Job responsibilities
- Utilizes monitoring and analytics tools such as Grafana and Dynatrace to build a Capacity management risk profile view for applications and provide insights into infrastructure capacity and application performance, enabling the remediation of bottlenecks.
- Contributes to the tooling strategy for Infrastructure Capacity Management and Planning, focusing on forecasting and predicting infrastructure capacity limits in both private and public cloud environments.
- Collaborates with SRE LOB teams to support Infrastructure Capacity Management in CIB, focusing on compliance, quality, and standardization.
- Works with development and operations teams to ensure infrastructure scalability and reliability, leveraging Low Code Platforms to streamline processes.

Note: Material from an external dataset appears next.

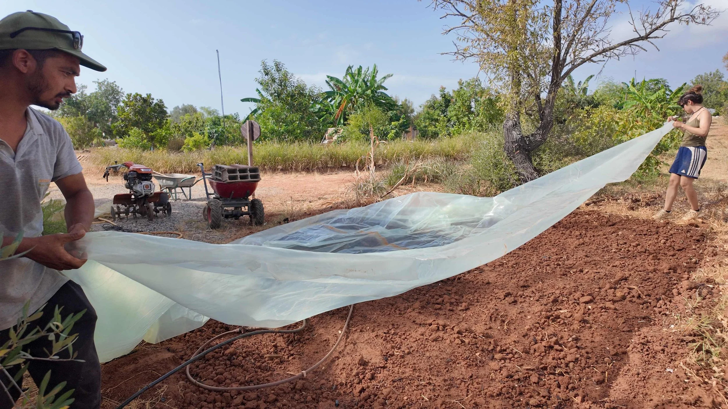 Completing a soil solarisation at the Orchard of Flavours Botanical Garden, September 2024.

- Assists in the implementation of capacity planning solutions to provide real-time insights into infrastructure utilization and performance.
- Understands service level indicators and utilizes service level objectives to proactively resolve issues before they impact customers
- Supports the adoption of site reliability engineering best practices within your team
Required qualifications, capabilities, and skills
- Formal training or certification onsoftware engineering*concepts and 3+ years applied experience
- Proficient in site reliability culture and principles and familiarity with how to implement site reliability within an application or platform
- Proficient in at least one programming language such as Python, Java/Spring Boot, and .Net
- Proficient knowledge of software applications and technical processes within a given technical discipline (e.g., Cloud, artificial intelligence, Android, etc.)
- Experience in observability such as white and black box monitoring, service level objective alerting, and telemetry collection using tools such as Grafana, Dynatrace, Prometheus, Datadog, Splunk, and others
- Experience with continuous integration and continuous delivery tools like Jenkins, GitLab, or Terraform
- Familiarity with container and container orchestration such as ECS, Kubernetes, and Docker along with troubleshooting common networking technologies and issues
- Ability to contribute to large and collaborative teams by presenting information in a logical and timely manner with compelling language and limited supervision
- Ability to proactively recognize road blocks and demonstrates interest in learning technology that facilitates innovation
- Ability to initiate and implement ideas to solve business problems
Preferred qualifications, capabilities, and skills
- Experience with cloud-native environments, primarily in AWS.
- Familiarity with industry-wide technology trends and best practices.
- Experience with Low Code Platforms.